═════ INPUT ═════

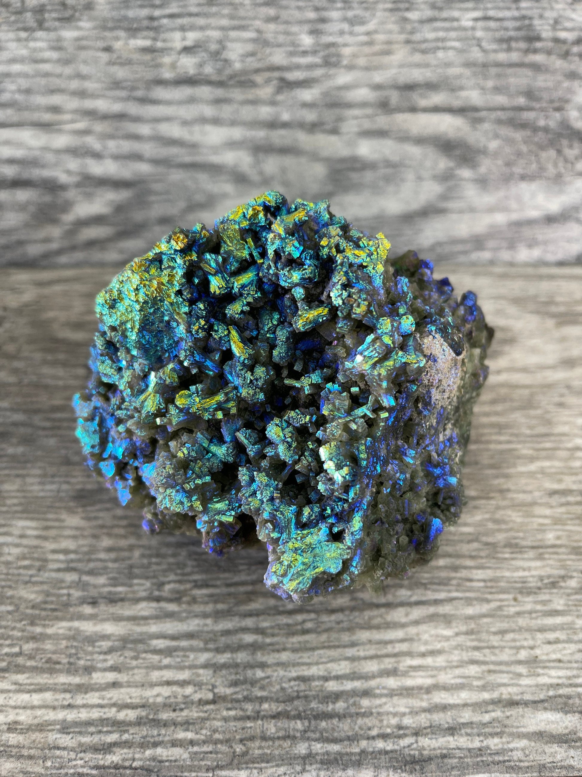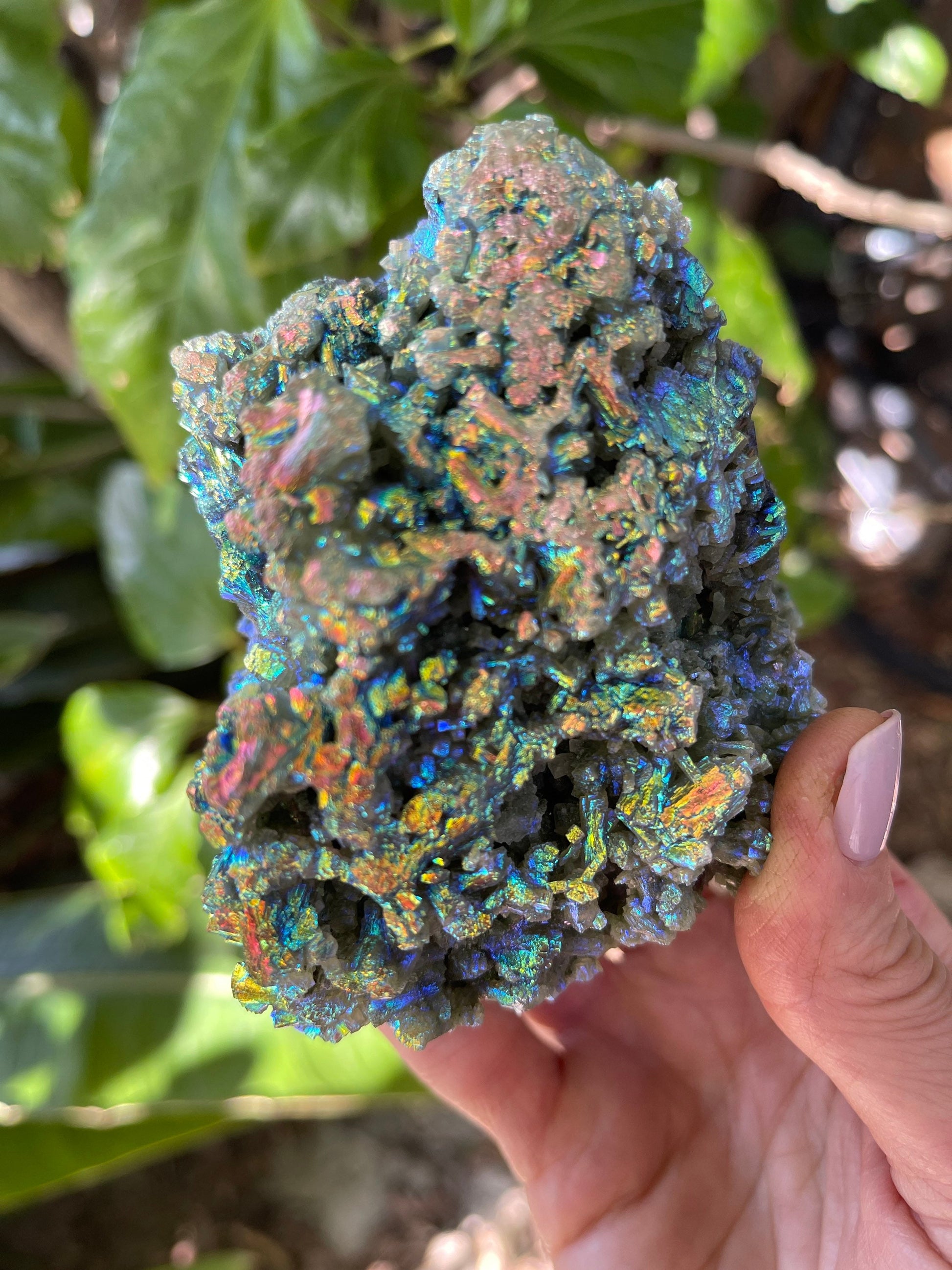 These beauties are a magical, ethereal mix of colors in which the crystal formation shimmers and changes color as it moves and sends light in different angles.
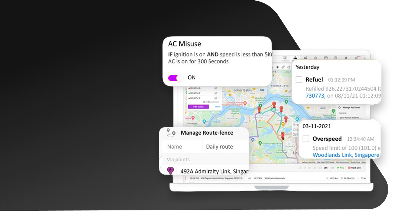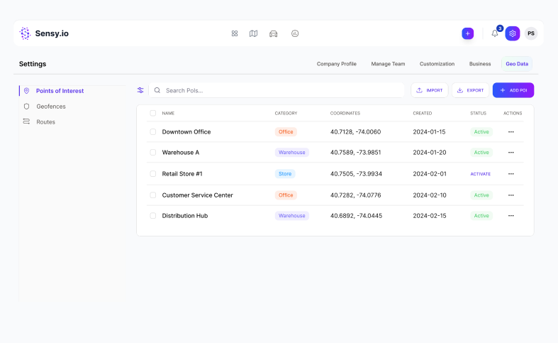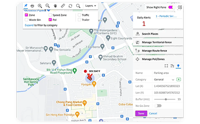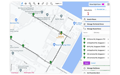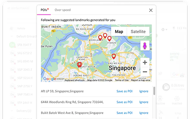 Plot important business points like warehouses, delivery stops, or offices. Set alerts when vehicles enter or leave a PoI for better tracking and control.
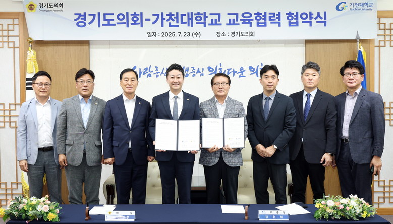[경기도 세계타임즈=송민수 기자] 경기도의회(의장 김진경)는 23일 가천대학교와 교육협력 및 학술교류를 위한 업무협약(MOU)을 체결했다.
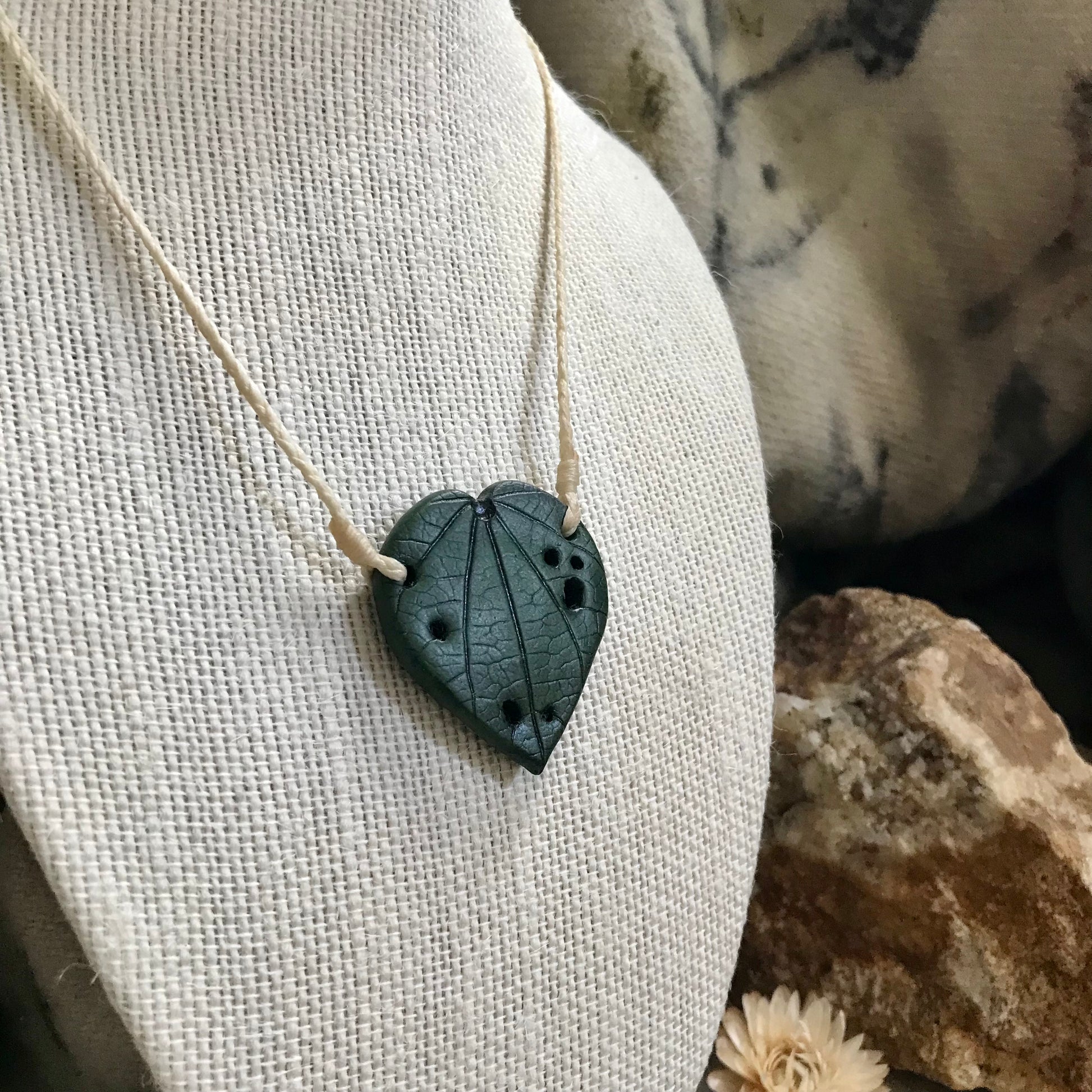 Each one of these beautiful Kawakawa leaf necklaces are unique, individually hand sculpted from modelling clay. Just as in nature, no two leaves are exactly the same. This necklace is finished with a plaited creme cord. It is durable, lightweight and easy to wear.
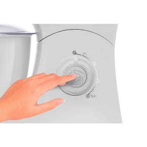 BOTÃO EJETOR E TRAVA DE ABERTURA A praticidade está ainda mais presente com o botão ejetor de batedores, que facilita a troca e limpeza dos acessórios, e a trava de abertura da cabeça, que garante segurança e estabilidade durante o uso.
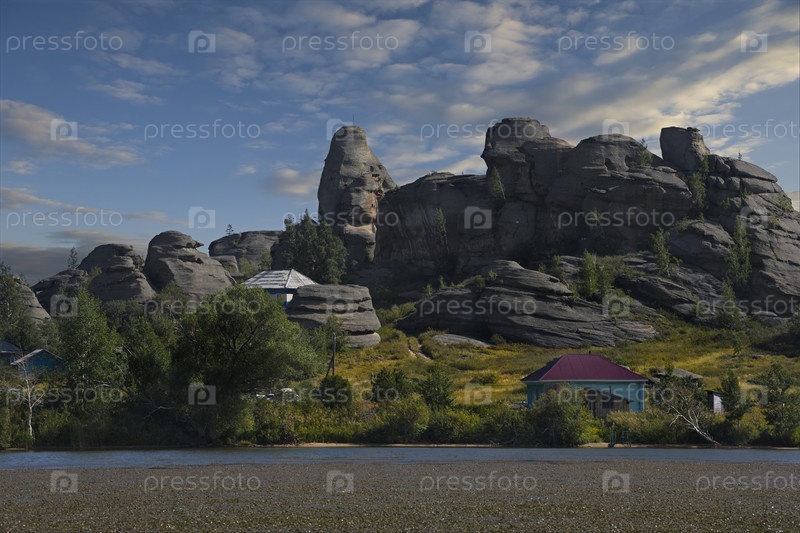 Юг Западной Сибири, Алтайский край. Причудливые скалистые выходы в бескрайних степях Алтая вокруг озера Колывань, расположенного недалеко от границы с Казахстаном
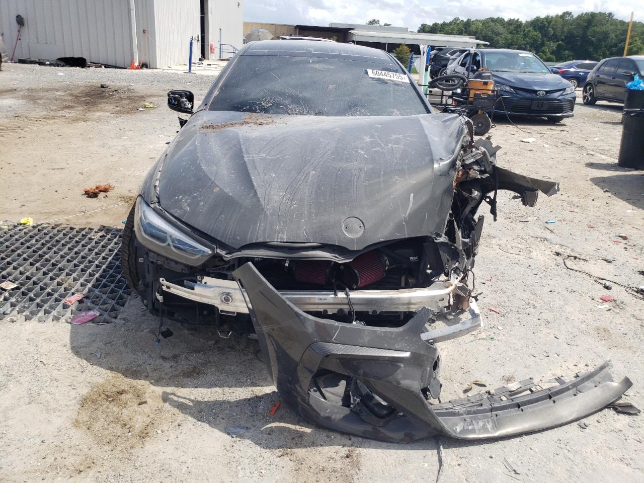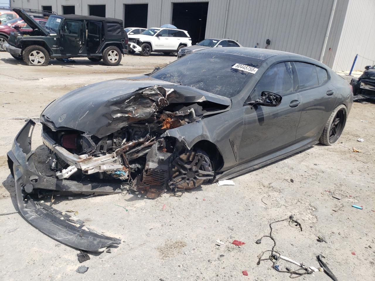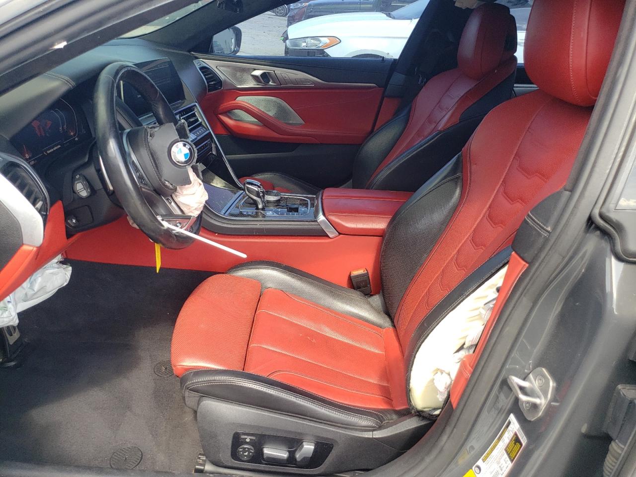 PoorThis is a damaged 2021 BMW M850i xDrive. The vehicle exhibits significant front-end damage, including a heavily damaged front bumper, hood, and front panels. The gray exterior shows signs of impact, with possible damage to lights and glass. The interior appears to have airbag deployment and some damage. Overall, the car is in a state of disrepair and requires considerable restoration.
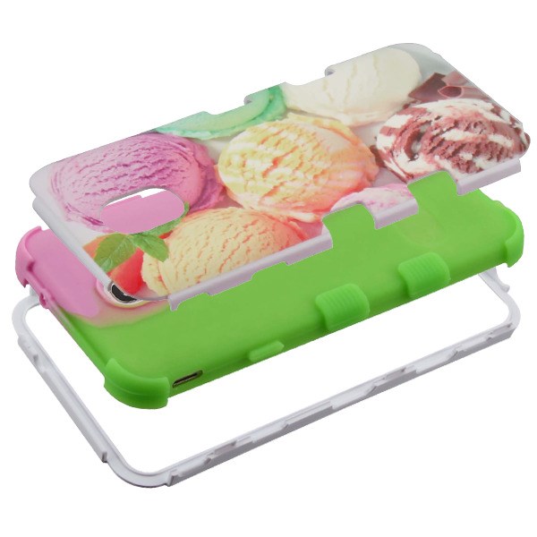 MyBat TUFF Series Case for Samsung J737P (Galaxy J7 (2018))/Galaxy J7 Star / Galaxy J7 V 2nd Gen - Ice Cream Scoops / Electric Green & Soft Pink
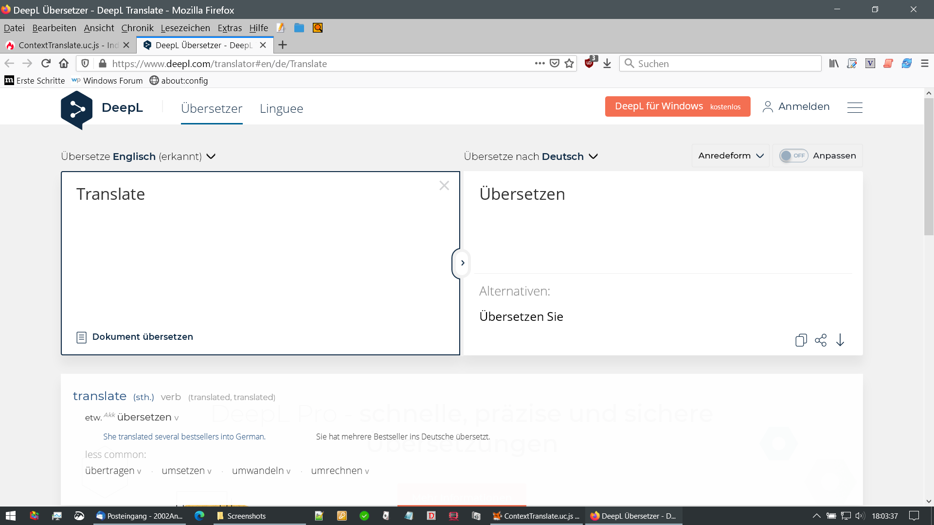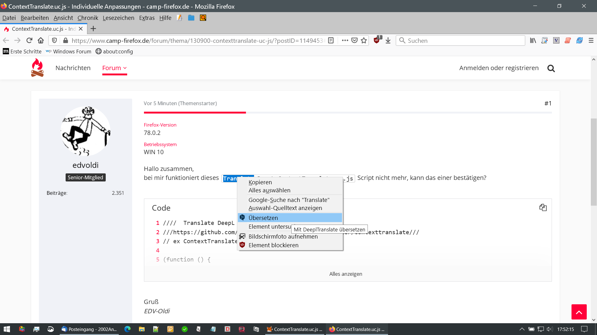 bei mir funktioniert dieses Translate DeepL ContextTranslate.uc.js Script nicht mehr, kann das einer bestätigen?

═════

PROBLEM TO SOLVE: No pictures belong in the copy; output every record exactly.

ANSWER TO THE PROBLEM:
 These beauties are a magical, ethereal mix of colors in which the crystal formation shimmers and changes color as it moves and sends light in different angles.
 Plot important business points like warehouses, delivery stops, or offices. Set alerts when vehicles enter or leave a PoI for better tracking and control.
[경기도 세계타임즈=송민수 기자] 경기도의회(의장 김진경)는 23일 가천대학교와 교육협력 및 학술교류를 위한 업무협약(MOU)을 체결했다.
 Each one of these beautiful Kawakawa leaf necklaces are unique, individually hand sculpted from modelling clay. Just as in nature, no two leaves are exactly the same. This necklace is finished with a plaited creme cord. It is durable, lightweight and easy to wear.
 BOTÃO EJETOR E TRAVA DE ABERTURA A praticidade está ainda mais presente com o botão ejetor de batedores, que facilita a troca e limpeza dos acessórios, e a trava de abertura da cabeça, que garante segurança e estabilidade durante o uso.
 Юг Западной Сибири, Алтайский край. Причудливые скалистые выходы в бескрайних степях Алтая вокруг озера Колывань, расположенного недалеко от границы с Казахстаном
 PoorThis is a damaged 2021 BMW M850i xDrive. The vehicle exhibits significant front-end damage, including a heavily damaged front bumper, hood, and front panels. The gray exterior shows signs of impact, with possible damage to lights and glass. The interior appears to have airbag deployment and some damage. Overall, the car is in a state of disrepair and requires considerable restoration.
 MyBat TUFF Series Case for Samsung J737P (Galaxy J7 (2018))/Galaxy J7 Star / Galaxy J7 V 2nd Gen - Ice Cream Scoops / Electric Green & Soft Pink
 bei mir funktioniert dieses Translate DeepL ContextTranslate.uc.js Script nicht mehr, kann das einer bestätigen?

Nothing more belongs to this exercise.